_TO DO_:
Here the job is to repeat the listing exactly, but not the pictures in it.

'''

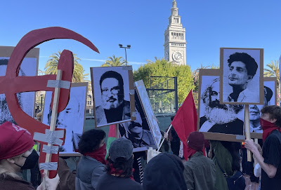 Trong khi đó có người biểu tình diễu hành giơ cao hình Marx, Lenin, Stalin, Mao. Giơ cao biểu ngữ đòi chấm dứt khai thác dầu hoả. Chấm dứt việc coi phụ nữ Philippines như những món hàng. Có người đứng phát báo “Red Star – Sao Đỏ”, có quầy bán sách báo cách mạng tán dương xã hội chủ nghĩa.
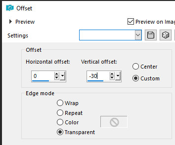 28. Layers / duplicate 29. Merge Group 30. Image / Resize: 70% 31. Effects / Image Effects / Offset [-305/145]
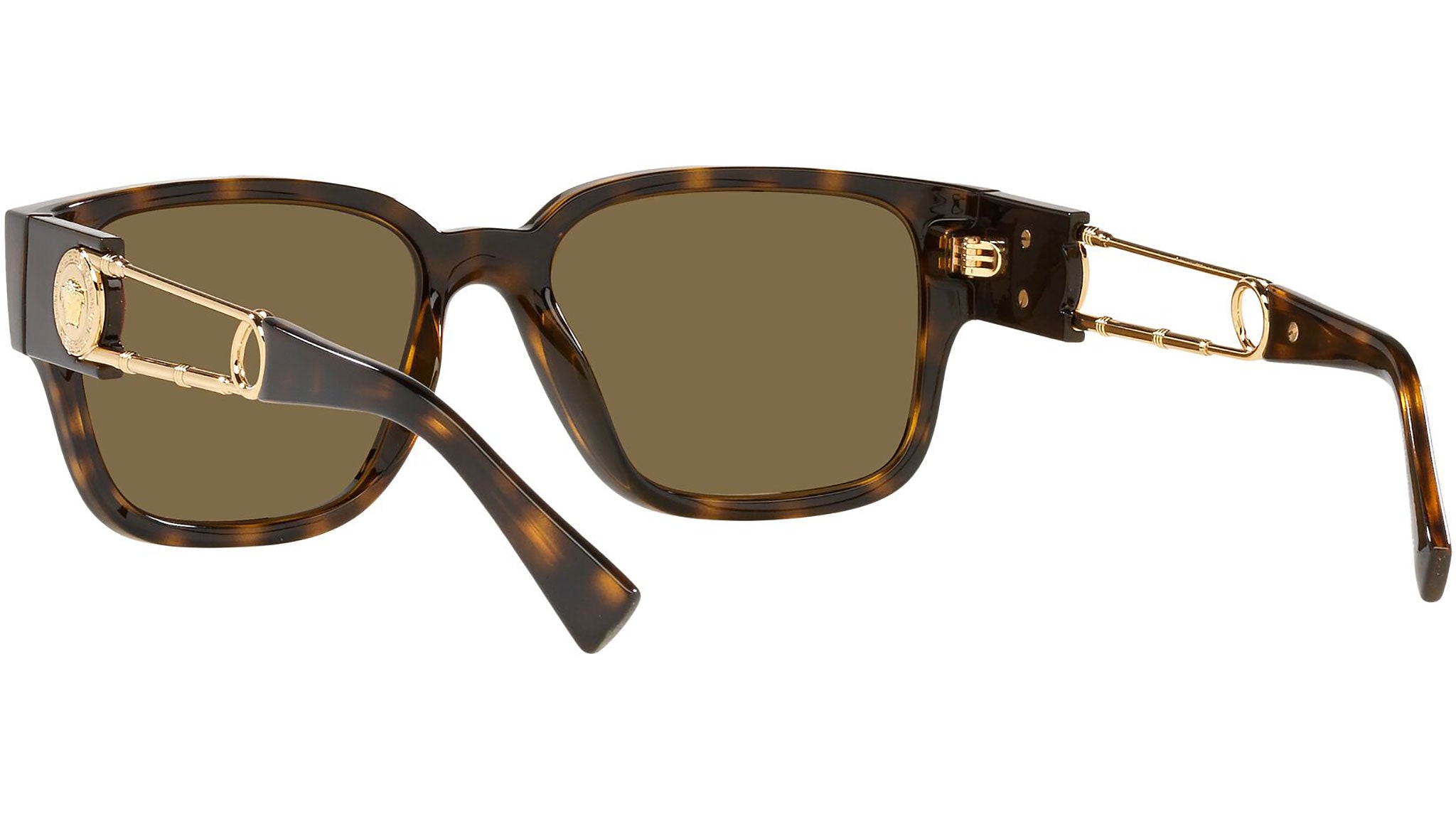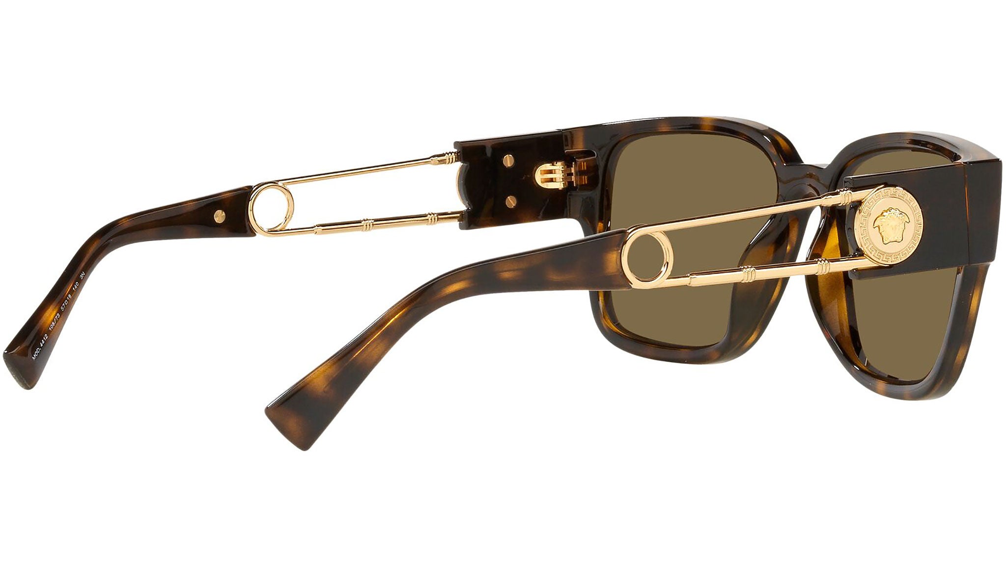 Versace sunglasses model VE4412 color code 108/73 havana with dark brown lenses. Dedicated to those who want a contemporary, sexy, sophisticated style with a strong personality, Versace is one of the most iconic and famous high fashion and luxury houses in the world. The sunglasses collection combines technical innovation and the essential style of the brand, and is strongly characterized by the decorative elements that have always distinguished the Maison.
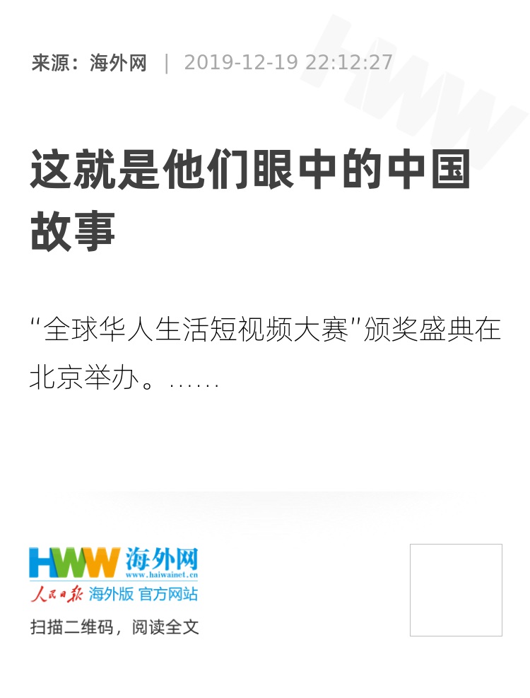 12月19日,由人民日报海外版指导,人民日报海外网主办的“全球华人生活短视频大赛”颁奖盛典在北京举办。人民日报海外网总经理、总编辑姚小敏在致辞中说:“本次大赛通过短视频形式,展现当下全球华人多元丰富的生活状况与精神风貌,记录中国发展变化,讲述中国故事。做好内容下沉很重要,百姓日常、农家耕作、田园稼穑,是乡愁情结,家国情怀,是中国故事的源头活水,可以穿透时空,直抵人心。”
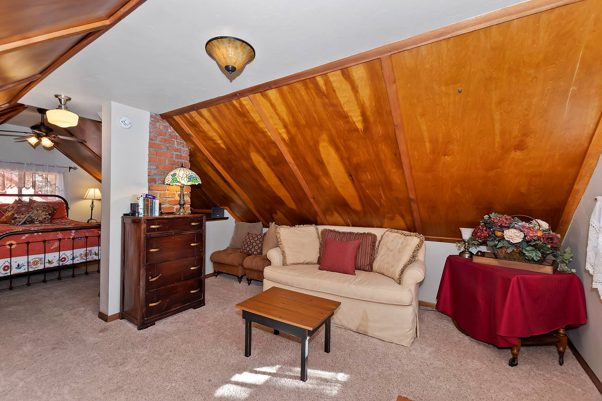✓ Private Loft: The third bedroom is a separate living area in the loft with a private entrance. It includes a sitting area with a loveseat, TV with Roku, full-sized bed, and a private bathroom with a shower—ideal for guests seeking a more private space.
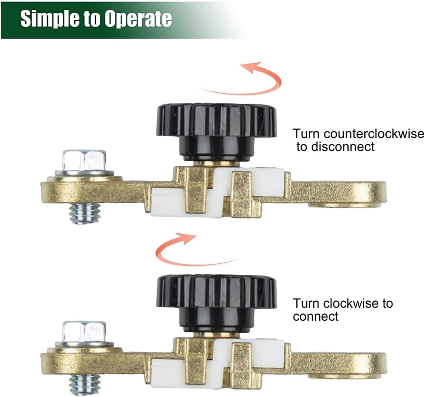 Feature:1. Power Protection: The car battery terminal link quick cut-off switch acts as a for your power source, preventing unwanted battery drain and avoiding short circuits. This ensures the longevity and healthy functioning of your automobile battery.2. Direct Connection: The rotary disconnect isolator directly connects to the battery terminal and can be promptly cut off. This feature is particularly useful when storing and repairing cars and trucks, preventing battery exhaustion.3. Enhanced Safety: Using the battery cut-off switch helps cut off power in racing cars and prevent fires, offering an additional layer of safety and peace of mind for automobile owners and operators.4. Battery Life Extension: By preventing unnecessary power drain, the anti-leakage switch extends the lifespan of your vehicle's battery. This saves you from frequent battery replacements and related costs.5. Durable Materials: The car side post battery disconnect switch is manufactured from zinc alloy plated with brass, rendering it rust-resistant and corrosion-resistant. This ensures the product's durability and long-term performance.Specification:Body material: zinc alloy plated brassInstallation aperture: 10mmColour: As shownRated current: 100AInstantaneous current: 300AInstallation position;Battery negative line Product Size: 102.00x33.00x25.00mm/4.02x1.3x0.98inchWeight: 150gApplicable;Applicable so 12V/24V battery (caravan, trailer, car, motorbike, lorry, boat, etc.)1 x Battery Terminal Link Quick Cut-off Switch
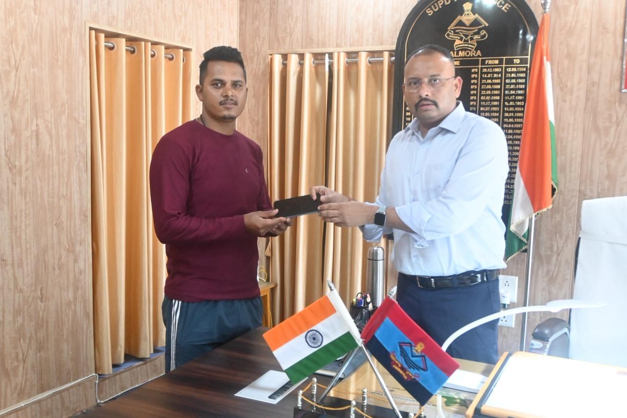 एसएसपी अल्मोड़ाद्वारा आज बरामद कीमती मोबाइलों को पुलिस कार्यालय अल्मोड़ा में उनके स्वामियों को सुपुर्द कर सभी को बधाई दी ।अपने खोये मोबाइल वापस पाकर सभी मोबाइल स्वामियों के चेहरे में खुशी झलक रही थी। उन्होंने कहा कि मोबाइल खोने पर वापस मिलने की उम्मीद खो चुके थे लेकिन अल्मोड़ा पुलिस पर विश्वास कायम था। पुलिस ने हमारे खोये फोन बरामद कर पुलिस के प्रति हमारे विश्वास को और अधिक बढ़ाया हैं। सभी ने अल्मोड़ा पुलिस के साईबर सेल टीम का आभार व्यक्त किया। पुलिस ने जनता से अपील की कि मोबाइल खोने पर तत्काल संचार साथी पोर्टल पर आम जनमानस भी स्वयं शिकायत दर्ज करा सकते है। साथ ही नजदीकी थाने या साइबर सेल को सूचित करें,जिससे आपके मोबाइल को रिकवर करने हेतु तत्काल कार्यवाही की जा सके।अल्मोड़ा सर्विलांस टीम जिनकी कडी मेहनत से यह सफलता पायी उनमें निरीक्षक भुवन जोशी, प्रभारी एसओजी, कानि0 चन्दन सिंह ,कानि0 हरीश प्रसाद,महिला कानि0 चम्पा दानू का सहयोग रहा।
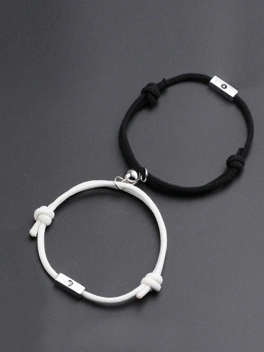 Pulsera para parejas con detalle de luna y sol en color negra y blanca 2 piezas
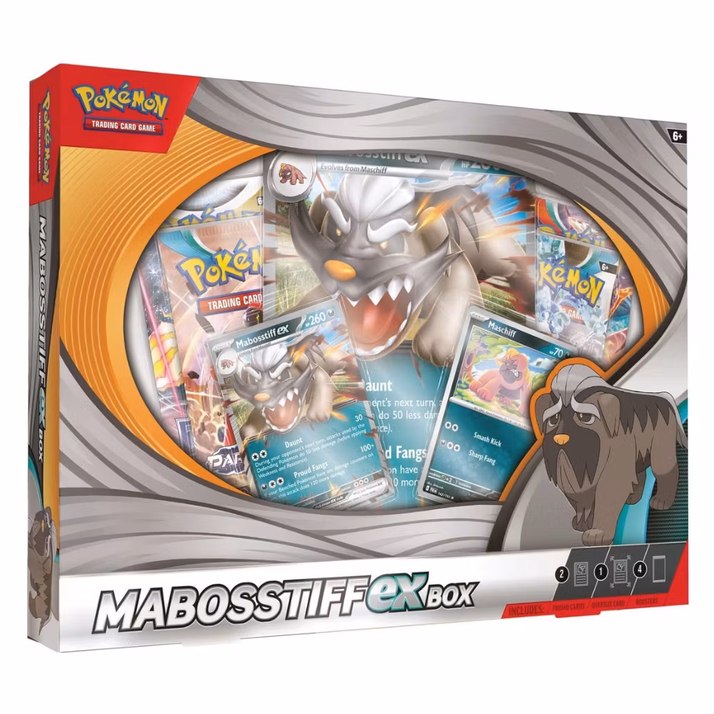 Pokemon Mabostiff ex Collection box 299 kr Inte tillgänglig just nu – bevaka produkten Leverantör: Pokémon Information Recensioner I denna box får du utöver de glittrande Mabosstiff ex promokorten, även en mångfald av booster packs från olika expansioner, som ger dig chansen att bredda din samling med nya och kraftfulla kort!Pokémon TCG: Mabosstiff ex Collection Box detaljer:4st Pokémon Booster Packs1st Jumbo Mabosstiff ex kort1st Mabosstiff ex kort1st Maschiff kort1st Kod-kort för Pokémon Trading Card Game Live
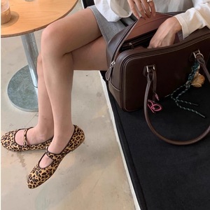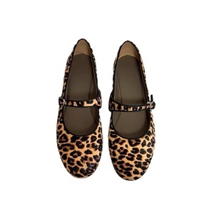 羊皮版 ~ 韓国版小衆豹紋本革一字ボタン付きシングルシューズ女性フラットミルク靴バレエメアリー珍靴
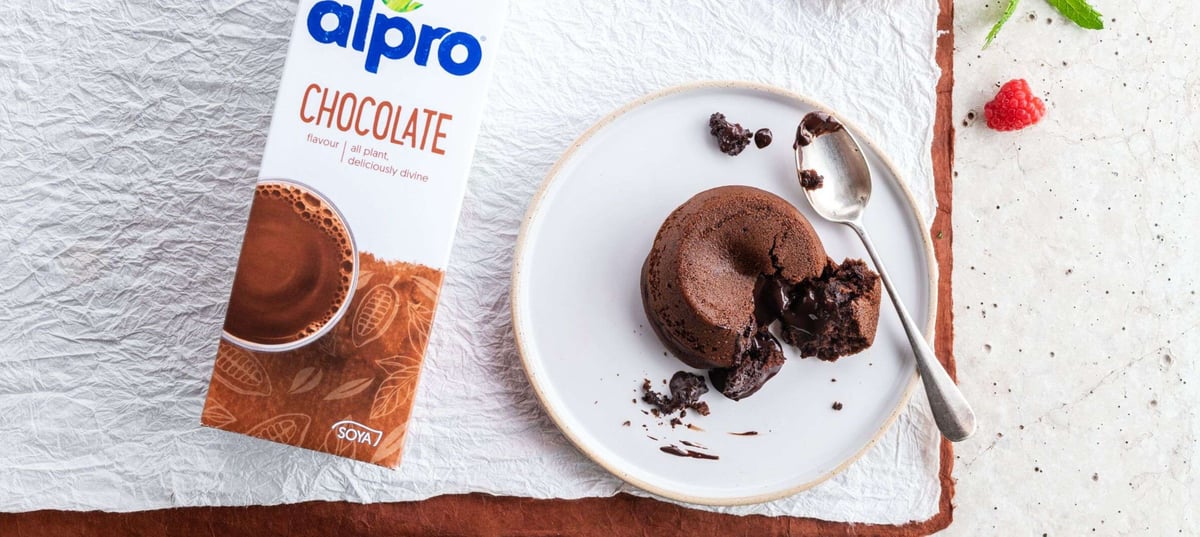 - 2Start with the dry ingredients (except for the salt). In a large bowl, mix together the flour, baking powder, and cocoa until the mixture is lump-free. Then add the Alpro drink, coconut oil, agave syrup, and salt, and blend until smooth.

'''

_ANSWER FOR THE TASK_:
 Trong khi đó có người biểu tình diễu hành giơ cao hình Marx, Lenin, Stalin, Mao. Giơ cao biểu ngữ đòi chấm dứt khai thác dầu hoả. Chấm dứt việc coi phụ nữ Philippines như những món hàng. Có người đứng phát báo “Red Star – Sao Đỏ”, có quầy bán sách báo cách mạng tán dương xã hội chủ nghĩa.
 28. Layers / duplicate 29. Merge Group 30. Image / Resize: 70% 31. Effects / Image Effects / Offset [-305/145]
 Versace sunglasses model VE4412 color code 108/73 havana with dark brown lenses. Dedicated to those who want a contemporary, sexy, sophisticated style with a strong personality, Versace is one of the most iconic and famous high fashion and luxury houses in the world. The sunglasses collection combines technical innovation and the essential style of the brand, and is strongly characterized by the decorative elements that have always distinguished the Maison.
 12月19日,由人民日报海外版指导,人民日报海外网主办的“全球华人生活短视频大赛”颁奖盛典在北京举办。人民日报海外网总经理、总编辑姚小敏在致辞中说:“本次大赛通过短视频形式,展现当下全球华人多元丰富的生活状况与精神风貌,记录中国发展变化,讲述中国故事。做好内容下沉很重要,百姓日常、农家耕作、田园稼穑,是乡愁情结,家国情怀,是中国故事的源头活水,可以穿透时空,直抵人心。”
✓ Private Loft: The third bedroom is a separate living area in the loft with a private entrance. It includes a sitting area with a loveseat, TV with Roku, full-sized bed, and a private bathroom with a shower—ideal for guests seeking a more private space.
 Feature:1. Power Protection: The car battery terminal link quick cut-off switch acts as a for your power source, preventing unwanted battery drain and avoiding short circuits. This ensures the longevity and healthy functioning of your automobile battery.2. Direct Connection: The rotary disconnect isolator directly connects to the battery terminal and can be promptly cut off. This feature is particularly useful when storing and repairing cars and trucks, preventing battery exhaustion.3. Enhanced Safety: Using the battery cut-off switch helps cut off power in racing cars and prevent fires, offering an additional layer of safety and peace of mind for automobile owners and operators.4. Battery Life Extension: By preventing unnecessary power drain, the anti-leakage switch extends the lifespan of your vehicle's battery. This saves you from frequent battery replacements and related costs.5. Durable Materials: The car side post battery disconnect switch is manufactured from zinc alloy plated with brass, rendering it rust-resistant and corrosion-resistant. This ensures the product's durability and long-term performance.Specification:Body material: zinc alloy plated brassInstallation aperture: 10mmColour: As shownRated current: 100AInstantaneous current: 300AInstallation position;Battery negative line Product Size: 102.00x33.00x25.00mm/4.02x1.3x0.98inchWeight: 150gApplicable;Applicable so 12V/24V battery (caravan, trailer, car, motorbike, lorry, boat, etc.)1 x Battery Terminal Link Quick Cut-off Switch
 एसएसपी अल्मोड़ाद्वारा आज बरामद कीमती मोबाइलों को पुलिस कार्यालय अल्मोड़ा में उनके स्वामियों को सुपुर्द कर सभी को बधाई दी ।अपने खोये मोबाइल वापस पाकर सभी मोबाइल स्वामियों के चेहरे में खुशी झलक रही थी। उन्होंने कहा कि मोबाइल खोने पर वापस मिलने की उम्मीद खो चुके थे लेकिन अल्मोड़ा पुलिस पर विश्वास कायम था। पुलिस ने हमारे खोये फोन बरामद कर पुलिस के प्रति हमारे विश्वास को और अधिक बढ़ाया हैं। सभी ने अल्मोड़ा पुलिस के साईबर सेल टीम का आभार व्यक्त किया। पुलिस ने जनता से अपील की कि मोबाइल खोने पर तत्काल संचार साथी पोर्टल पर आम जनमानस भी स्वयं शिकायत दर्ज करा सकते है। साथ ही नजदीकी थाने या साइबर सेल को सूचित करें,जिससे आपके मोबाइल को रिकवर करने हेतु तत्काल कार्यवाही की जा सके।अल्मोड़ा सर्विलांस टीम जिनकी कडी मेहनत से यह सफलता पायी उनमें निरीक्षक भुवन जोशी, प्रभारी एसओजी, कानि0 चन्दन सिंह ,कानि0 हरीश प्रसाद,महिला कानि0 चम्पा दानू का सहयोग रहा।
 Pulsera para parejas con detalle de luna y sol en color negra y blanca 2 piezas
 Pokemon Mabostiff ex Collection box 299 kr Inte tillgänglig just nu – bevaka produkten Leverantör: Pokémon Information Recensioner I denna box får du utöver de glittrande Mabosstiff ex promokorten, även en mångfald av booster packs från olika expansioner, som ger dig chansen att bredda din samling med nya och kraftfulla kort!Pokémon TCG: Mabosstiff ex Collection Box detaljer:4st Pokémon Booster Packs1st Jumbo Mabosstiff ex kort1st Mabosstiff ex kort1st Maschiff kort1st Kod-kort för Pokémon Trading Card Game Live
 羊皮版 ~ 韓国版小衆豹紋本革一字ボタン付きシングルシューズ女性フラットミルク靴バレエメアリー珍靴
 - 2Start with the dry ingredients (except for the salt). In a large bowl, mix together the flour, baking powder, and cocoa until the mixture is lump-free. Then add the Alpro drink, coconut oil, agave syrup, and salt, and blend until smooth.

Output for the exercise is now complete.